Turkey’s central bank said last week that corporate debt as percentage of GDP in Turkey has increased to 69 percent from 56 percent at the start of the year. Debt levels are now well above the global average, it said.
Earlier this month, Turkish businessmen called on the government to ensure banks defer repayment of interest and capital on a large swathe of loans to help ease their finances. A waiver on the payment of interest and capital on the lending, put in place earlier this year following the outbreak of COVID-19, is now ending.
As well as a deterioration in the finances of Turkish companies, levels of employment in the country have dipped sharply, hurting consumer finances.

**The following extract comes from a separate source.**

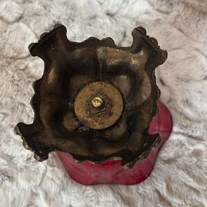 Elegant Ruby Glass Compote with Ornate Metal Stand. Vintage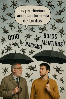 Idiotas no sé si llegarán a caer de las nubes pero con los que circulan por la tierra tragándose todos los bulos y discursos torticeros que la derecha y ultraderecha esparcen ya tenemos suficiente.

Any increases in income for households have failed to keep pace with the rising cost of goods and services, placing heavy financial pressure on many.
The number of people out of work and not seeking a job in Turkey rose by 2.6 million to 31 million in the 12 months to September, according to official data. The labour force has shrunk by 1.4 million to 31.7 million.
Turkey’s unemployment rate edged up to 13.2 percent in the three months to September from 12.9 percent at the end of June. But the small increase is flattered by a government ban on companies firing workers and the hundreds of thousands of people who have been placed on unpaid leave and who are not included in the official figures.
Losses for the lira and accelerating inflation also mean that poverty in Turkey is also on the rise.
A four-member family must now spend 2,516 liras ($323) per month to pay for a healthy and balanced diet, the Confederation of Turkish Trade Unions (Türk-İş) said in a report last week, higher than the monthly net minimum wage of 2,324 liras.
The poverty line in Turkey, which includes money spent on items such as clothing, rent, utility bills, education and health, stands at 8,197 liras, Türk-İş said, more than three times minimum wage levels.
Because employment in the country is declining, companies who hire new staff are now paying them less, when including increases in the cost of living.
Wages for Turkish workers increased by 9.7 percent in the third quarter from a year ago, according to Monday’s GDP data. That increase lags inflation of just under 12 percent.
Turkey’s GDP data is also cloaking the erosive effects of lira depreciation. While economic output rose by 6.7 percent in the third quarter in lira terms, it is declining when measured in hard currency.
Growth data in Turkey is calculated in liras and then adjusted to account for the effect of inflation. In dollar terms, Turkey’s economy registered a contraction in the third quarter. Output was $197.4 billion in the three months to September, a decrease of 3.3 percent from the same period of last year.